PROVIDED RECORDS START

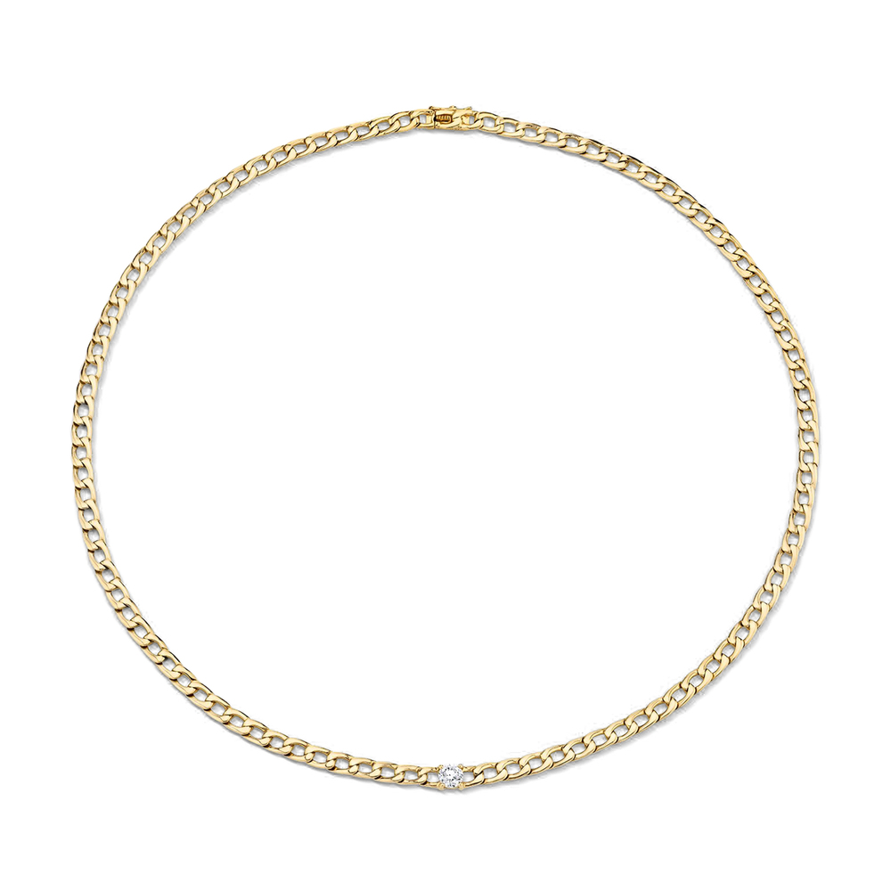 Anita Ko Plain Chain-Link Choker in 18K Yellow Gold/White Diamond: Resting right above the collarbones, this 18-karat yellow-gold chain is detailed with a sparkly, prong-set diamond in the center. Layer it with your other favorite necklaces or let it shine solo—either way, it’s a simple yet striking addition to any neckline.18k yellow gold, white diamond Chain: 16" Made in USA.
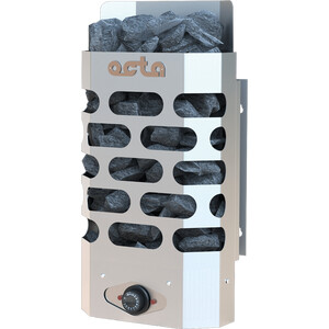 Электрическая каменка СТЭН ЭКМ Octa wall мощностью 3 и 4 кВт, со встроенным пультом управления (далее по тексту - электрокаменки) предназначены для нагрева воздуха и получения сухого пара в парильнях коммунальных бань и оздоровительных комплексах, а также для бань и саун индивидуального пользования. Электрокаменки настенного исполнения имеют прямоугольную форму с овальными вырезами на всей поверхности, что обеспечивает комфортные условия нагрева помещения и получения пара, как с верхней части электрокаменки, так и с боковой поверхности. Все детали электрокаменки выполнены из нержавеющей стали AISI 430. Класс защиты от поражения электрическим током -1.
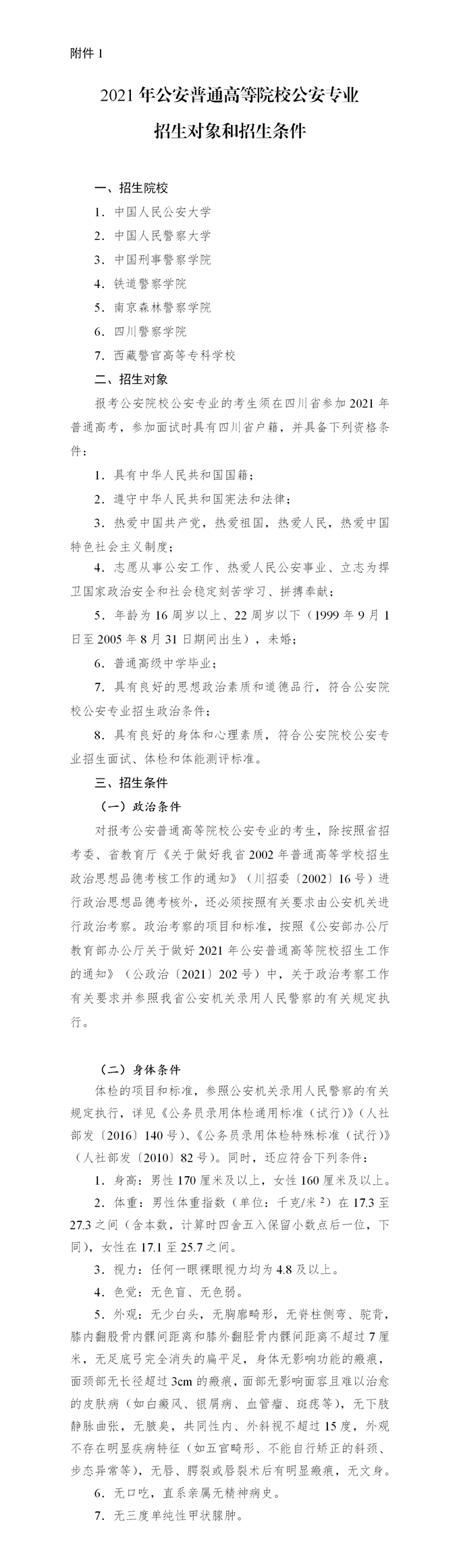 1.2021年公安普通高等院校公安专业招生对象和招生条件【下载】
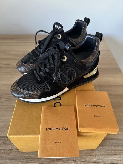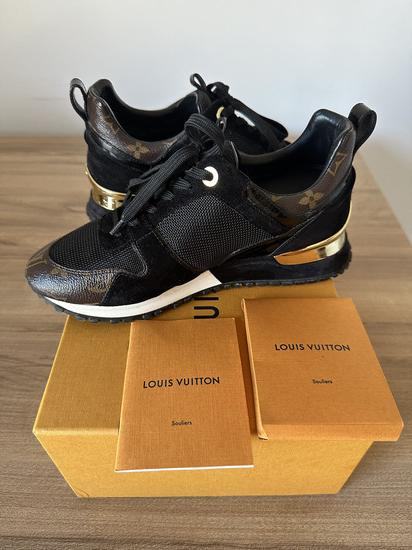 Prodajem vrlo lijepe, original tenisice Louis Vuitton Run Away. Bile su koristene samo 2 puta, jos uvijek su kao nove, bez traga koristenja. Uz tenisice dolazi pripadajuca kutija i dodatne vezice. Za vise info i slika tu sam za vas. Nisam za zamjene i molim vas, da se jave samo ozbiljni kupci.
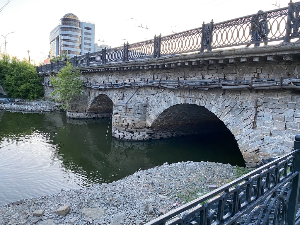 Каменный мост через Исеть на улице Малышева появился в 1840 году. Это был первый в городе мост из камня. До него мосты в Екатеринбурге строились из дерева. Мост оказался очень прочным и дошел до наших дней почти без изменений.
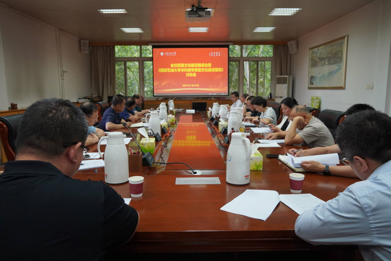 5月30日上午,學(xué)校在雁塔校區(qū)行政樓五樓會(huì)議室召開質(zhì)量文化建設(shè)推進(jìn)會(huì),就《西安石油大學(xué)本科教學(xué)質(zhì)量文化建設(shè)指南》(以下簡稱《指南》)主體內(nèi)容開展研討交流。校黨委副書記程永清出席會(huì)議。黨委辦公室(校長辦公室)、組織部、宣傳部、學(xué)生工作部、教師工作部、工會(huì)、團(tuán)委,發(fā)展規(guī)劃處、人事處、教務(wù)處、實(shí)驗(yàn)室管理處、國際教育學(xué)院、離退休工作處、后勤處等相關(guān)單位負(fù)責(zé)人參會(huì)。
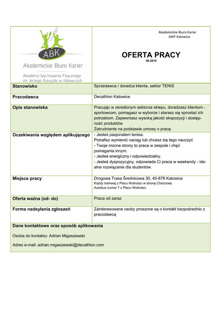 Akademickie Biuro Karier AWF Katowice OFERTA PRACY 56.2015 Stanowisko Sprzedawca / doradca klienta, sektor TENIS Pracodawca Decathlon Katowice Opis stanowiska Pracując w określonym sektorze sklepu, doradzasz klientom sportowcom, pomagasz w wyborze i starasz się sprostać ich potrzebom. Zapewniasz wysoką jakość ekspozycji i dostępność produktów Zatrudnienie na podstawie umowy o pracę. - Jesteś pasjonatem tenisa. Potrafisz wymienić naciąg lub chcesz się tego nauczyć - Twoje mocne strony to praca w zespole i chęć pomagania innym. - Jesteś energiczny i odpowiedzialny. - Jesteś dyspozycyjny, odpowiada Ci praca w weekendy - idealne rozwiązanie dla studentów. Oczekiwania względem aplikującego Miejsce pracy Drogowa Trasa Średnicowa 30, 40-878 Katowice Każdy tramwaj z Placu Wolności w stronę Chorzowa. Autobus numer 7 z Placu Wolności. Oferta ważna (od- do) Praca od zaraz Forma nadsyłania zgłoszeń Zainteresowane osoby proszone są o kontakt bezpośrednio z pracodawcą Dane kontaktowe oraz sposób aplikowania Osoba do kontaktu: Adrian Migaszewski Adres e-mail: [email protected]

PROVIDED RECORDS END

## [WHAT YOU WILL DO]
Return only the lines from the start of the data through the line that contains "Каменный мост через", please, copying them exactly and omitting all pictures.

## [EXPECTED ANSWER]
 Anita Ko Plain Chain-Link Choker in 18K Yellow Gold/White Diamond: Resting right above the collarbones, this 18-karat yellow-gold chain is detailed with a sparkly, prong-set diamond in the center. Layer it with your other favorite necklaces or let it shine solo—either way, it’s a simple yet striking addition to any neckline.18k yellow gold, white diamond Chain: 16" Made in USA.
 Электрическая каменка СТЭН ЭКМ Octa wall мощностью 3 и 4 кВт, со встроенным пультом управления (далее по тексту - электрокаменки) предназначены для нагрева воздуха и получения сухого пара в парильнях коммунальных бань и оздоровительных комплексах, а также для бань и саун индивидуального пользования. Электрокаменки настенного исполнения имеют прямоугольную форму с овальными вырезами на всей поверхности, что обеспечивает комфортные условия нагрева помещения и получения пара, как с верхней части электрокаменки, так и с боковой поверхности. Все детали электрокаменки выполнены из нержавеющей стали AISI 430. Класс защиты от поражения электрическим током -1.
 1.2021年公安普通高等院校公安专业招生对象和招生条件【下载】
 Prodajem vrlo lijepe, original tenisice Louis Vuitton Run Away. Bile su koristene samo 2 puta, jos uvijek su kao nove, bez traga koristenja. Uz tenisice dolazi pripadajuca kutija i dodatne vezice. Za vise info i slika tu sam za vas. Nisam za zamjene i molim vas, da se jave samo ozbiljni kupci.
 Каменный мост через Исеть на улице Малышева появился в 1840 году. Это был первый в городе мост из камня. До него мосты в Екатеринбурге строились из дерева. Мост оказался очень прочным и дошел до наших дней почти без изменений.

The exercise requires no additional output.